Antioxidant supplements such as vitamin A, vitamin E and beta-carotene show no significant improvement in longevity, in fact they may actually increase mortality.

Pharmacological treatments

Medication is often used to temporarily stop or slow cognitive and functional decline in people with Alzheimer-type dementia and dementia associated with Parkinson’s disease.

Brain exercises

It is never too late to start exercising the brain. There is growing evidence that participating in activities such as reading, puzzles, computer activities and crafts reduces the risk of age-related cognitive decline. Social interaction is beneficial too.
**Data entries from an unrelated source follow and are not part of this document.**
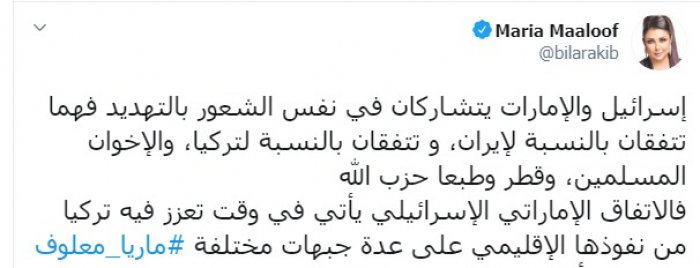 وكتب عبر تغريدة لها على "تويتر" رصدها " المشهد العربي": "إسرائيل والإمارات يتشاركان في نفس الشعور بالتهديد فهما تتفقان بالنسبة لإيران، و تتفقان بالنسبة لتركيا، والإخوان المسلمين، وقطر وطبعا حزب الله، فالاتفاق الإماراتي الإسرائيلي يأتي في وقت تعزز فيه تركيا من نفوذها الإقليمي على عدة جبهات مختلفة".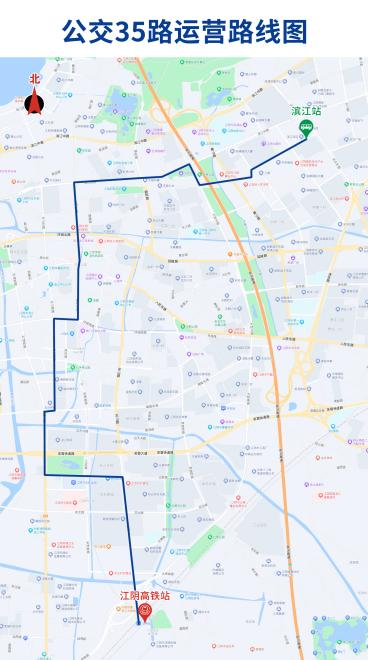 公交35路由滨江车站始发,上行沿文化路—大桥路—澄江路—虹桥路—环城南路—中山南路—毗陵路—梅园大街—立新路—花山路—西桥路至江阴高铁站。下行按原线行至立新路后,沿立新路—梅园大街—芙蓉大道辅道—虹桥南路—毗陵路—中山南路至原线。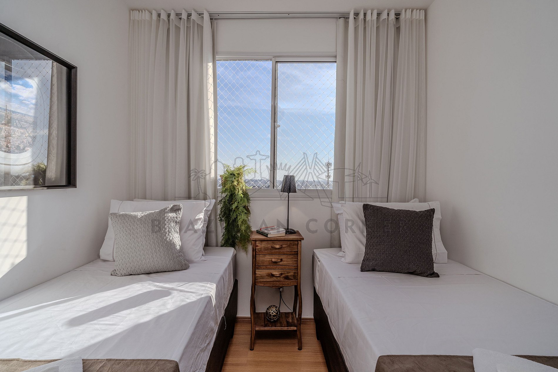 - 2 Camas de solteiro: aproveite a estadia com quem importa, disponibilizamos um quarto com duas camas de solteiro para aproveitar ao máximo temporada em família e as noites de sono.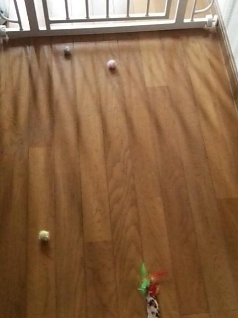 キラキラボールを何個も持ち出しては、追いかけて遊んでいます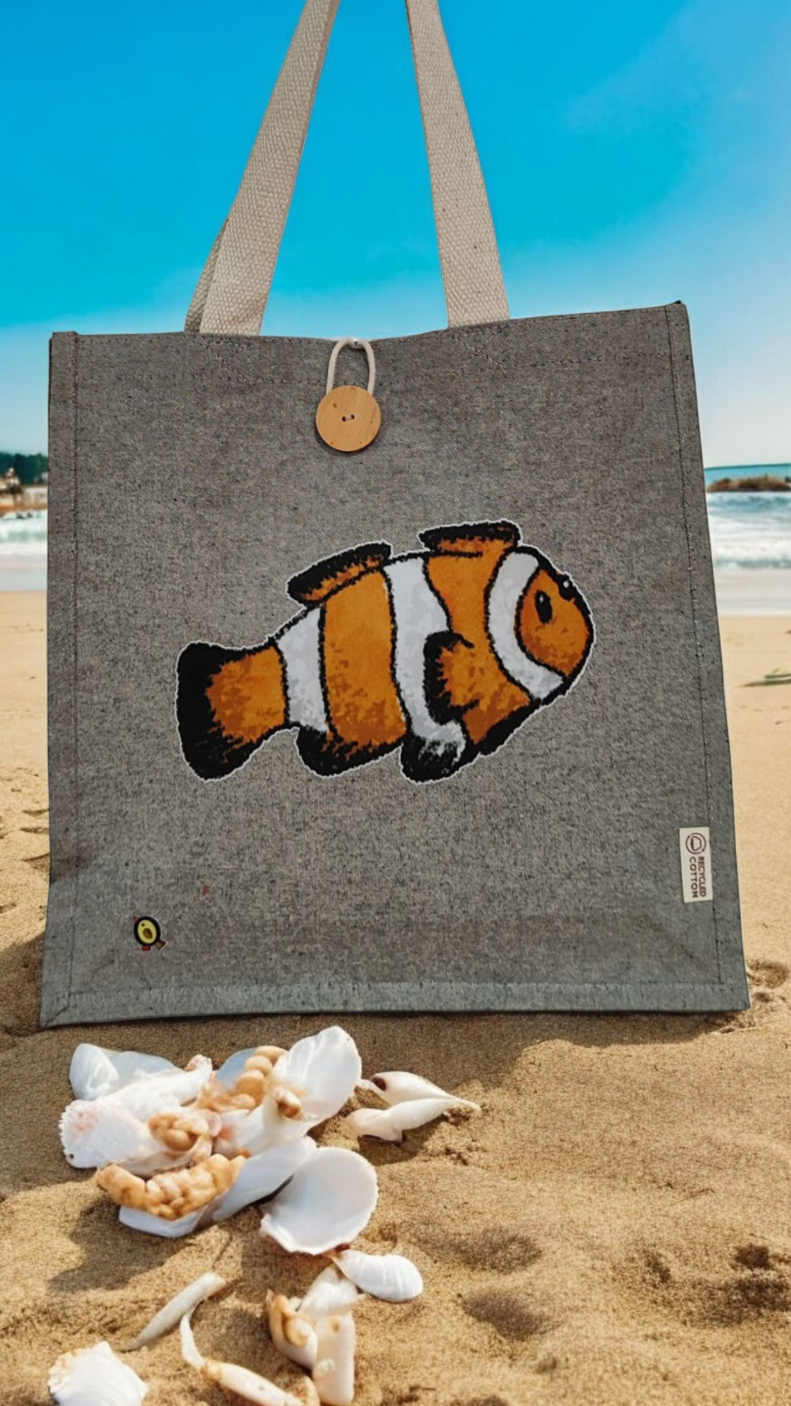 Inspirada en la belleza del océano, esta bolsa tote destaca por su alegre y colorido diseño de pez payaso, símbolo de vida marina y ecosistemas coralinos. Su estilo divertido y consciente la convierte en una compañera ideal para días de playa, compras o escapadas urbanas.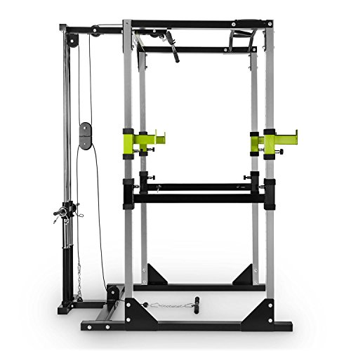 Capital Sports Tremendour PI - Power Rack Multifunzione, Torre per Trazioni Posteriore con Cavo Superiore e Inferiore, Sbarra Multigrip, 2X Safety Spotter, 4X J-Hooks, Telaio: Acciaio, Argento

In addition to exercising the brain, there are several strategies that can be adopted to help memory recall:

  • Place commonly lost items in the same spot every time
  • Write things down e.g. make a “to do” list
  • Say words out loud e.g. “I have turned off the iron”, repeat a person’s name after being introduced
  • Use memory aids e.g. notepad, diary, wristwatch alarm, voice recorder
  • Group items using mnemonics e.g. alphabetize a list, create an acronym, use rhymes or create a story to connect the information
  • Concentrate and relax when trying to remember
  • Sleep on it – research has shown that the brain continues to solve a problem while we sleep

Elderly people are encouraged to take up dancing! This combines physical activity, brain exercise (counting rhythms, learning steps etc) and social interaction. Some patients may prefer to join a walking or exercise group.